**Exercise description**
I'd like every record written out again, exactly as it is.

**Material to process**
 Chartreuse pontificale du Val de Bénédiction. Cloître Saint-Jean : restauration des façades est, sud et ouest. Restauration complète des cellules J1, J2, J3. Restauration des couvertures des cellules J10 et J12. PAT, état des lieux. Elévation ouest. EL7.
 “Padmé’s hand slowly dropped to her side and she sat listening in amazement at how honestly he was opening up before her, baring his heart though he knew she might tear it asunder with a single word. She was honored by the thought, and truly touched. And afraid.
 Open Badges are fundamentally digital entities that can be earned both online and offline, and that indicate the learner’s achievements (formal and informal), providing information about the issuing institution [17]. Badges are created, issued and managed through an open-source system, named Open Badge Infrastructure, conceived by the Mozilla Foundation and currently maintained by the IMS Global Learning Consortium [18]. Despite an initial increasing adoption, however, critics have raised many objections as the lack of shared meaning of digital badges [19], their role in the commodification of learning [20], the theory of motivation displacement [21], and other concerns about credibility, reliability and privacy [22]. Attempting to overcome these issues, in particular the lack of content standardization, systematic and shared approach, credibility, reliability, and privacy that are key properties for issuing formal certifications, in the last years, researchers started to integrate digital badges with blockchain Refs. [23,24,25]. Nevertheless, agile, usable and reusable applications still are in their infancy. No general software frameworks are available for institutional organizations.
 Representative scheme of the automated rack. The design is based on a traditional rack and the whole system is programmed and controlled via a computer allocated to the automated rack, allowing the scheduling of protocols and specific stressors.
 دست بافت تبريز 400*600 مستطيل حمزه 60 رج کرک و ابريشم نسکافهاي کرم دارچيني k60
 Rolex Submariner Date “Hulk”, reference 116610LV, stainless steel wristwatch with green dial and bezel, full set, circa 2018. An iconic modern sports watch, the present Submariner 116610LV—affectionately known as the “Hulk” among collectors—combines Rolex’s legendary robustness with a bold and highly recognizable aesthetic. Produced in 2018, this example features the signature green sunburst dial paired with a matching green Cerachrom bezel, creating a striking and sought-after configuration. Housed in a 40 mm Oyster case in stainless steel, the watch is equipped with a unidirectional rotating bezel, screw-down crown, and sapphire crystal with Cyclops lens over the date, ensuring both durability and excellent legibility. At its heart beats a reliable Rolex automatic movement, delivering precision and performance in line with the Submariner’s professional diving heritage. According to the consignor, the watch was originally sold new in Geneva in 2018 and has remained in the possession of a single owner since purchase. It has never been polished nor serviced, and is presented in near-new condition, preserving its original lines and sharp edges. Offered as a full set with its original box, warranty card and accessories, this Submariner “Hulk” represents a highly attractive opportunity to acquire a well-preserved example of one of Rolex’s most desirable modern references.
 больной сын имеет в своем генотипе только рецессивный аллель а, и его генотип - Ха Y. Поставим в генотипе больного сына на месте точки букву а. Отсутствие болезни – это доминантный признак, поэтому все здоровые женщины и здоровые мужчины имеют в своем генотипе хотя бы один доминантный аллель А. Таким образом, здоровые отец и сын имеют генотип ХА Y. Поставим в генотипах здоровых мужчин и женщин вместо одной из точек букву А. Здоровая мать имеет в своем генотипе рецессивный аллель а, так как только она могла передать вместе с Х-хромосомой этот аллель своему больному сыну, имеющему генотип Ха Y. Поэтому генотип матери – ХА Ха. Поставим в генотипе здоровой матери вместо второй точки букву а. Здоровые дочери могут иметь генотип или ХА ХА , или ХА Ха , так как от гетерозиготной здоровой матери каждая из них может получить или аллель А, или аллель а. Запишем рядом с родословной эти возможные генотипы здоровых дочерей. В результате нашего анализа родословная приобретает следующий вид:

**Result**
 Chartreuse pontificale du Val de Bénédiction. Cloître Saint-Jean : restauration des façades est, sud et ouest. Restauration complète des cellules J1, J2, J3. Restauration des couvertures des cellules J10 et J12. PAT, état des lieux. Elévation ouest. EL7.
 “Padmé’s hand slowly dropped to her side and she sat listening in amazement at how honestly he was opening up before her, baring his heart though he knew she might tear it asunder with a single word. She was honored by the thought, and truly touched. And afraid.
 Open Badges are fundamentally digital entities that can be earned both online and offline, and that indicate the learner’s achievements (formal and informal), providing information about the issuing institution [17]. Badges are created, issued and managed through an open-source system, named Open Badge Infrastructure, conceived by the Mozilla Foundation and currently maintained by the IMS Global Learning Consortium [18]. Despite an initial increasing adoption, however, critics have raised many objections as the lack of shared meaning of digital badges [19], their role in the commodification of learning [20], the theory of motivation displacement [21], and other concerns about credibility, reliability and privacy [22]. Attempting to overcome these issues, in particular the lack of content standardization, systematic and shared approach, credibility, reliability, and privacy that are key properties for issuing formal certifications, in the last years, researchers started to integrate digital badges with blockchain Refs. [23,24,25]. Nevertheless, agile, usable and reusable applications still are in their infancy. No general software frameworks are available for institutional organizations.
 Representative scheme of the automated rack. The design is based on a traditional rack and the whole system is programmed and controlled via a computer allocated to the automated rack, allowing the scheduling of protocols and specific stressors.
 دست بافت تبريز 400*600 مستطيل حمزه 60 رج کرک و ابريشم نسکافهاي کرم دارچيني k60
 Rolex Submariner Date “Hulk”, reference 116610LV, stainless steel wristwatch with green dial and bezel, full set, circa 2018. An iconic modern sports watch, the present Submariner 116610LV—affectionately known as the “Hulk” among collectors—combines Rolex’s legendary robustness with a bold and highly recognizable aesthetic. Produced in 2018, this example features the signature green sunburst dial paired with a matching green Cerachrom bezel, creating a striking and sought-after configuration. Housed in a 40 mm Oyster case in stainless steel, the watch is equipped with a unidirectional rotating bezel, screw-down crown, and sapphire crystal with Cyclops lens over the date, ensuring both durability and excellent legibility. At its heart beats a reliable Rolex automatic movement, delivering precision and performance in line with the Submariner’s professional diving heritage. According to the consignor, the watch was originally sold new in Geneva in 2018 and has remained in the possession of a single owner since purchase. It has never been polished nor serviced, and is presented in near-new condition, preserving its original lines and sharp edges. Offered as a full set with its original box, warranty card and accessories, this Submariner “Hulk” represents a highly attractive opportunity to acquire a well-preserved example of one of Rolex’s most desirable modern references.
 больной сын имеет в своем генотипе только рецессивный аллель а, и его генотип - Ха Y. Поставим в генотипе больного сына на месте точки букву а. Отсутствие болезни – это доминантный признак, поэтому все здоровые женщины и здоровые мужчины имеют в своем генотипе хотя бы один доминантный аллель А. Таким образом, здоровые отец и сын имеют генотип ХА Y. Поставим в генотипах здоровых мужчин и женщин вместо одной из точек букву А. Здоровая мать имеет в своем генотипе рецессивный аллель а, так как только она могла передать вместе с Х-хромосомой этот аллель своему больному сыну, имеющему генотип Ха Y. Поэтому генотип матери – ХА Ха. Поставим в генотипе здоровой матери вместо второй точки букву а. Здоровые дочери могут иметь генотип или ХА ХА , или ХА Ха , так как от гетерозиготной здоровой матери каждая из них может получить или аллель А, или аллель а. Запишем рядом с родословной эти возможные генотипы здоровых дочерей. В результате нашего анализа родословная приобретает следующий вид:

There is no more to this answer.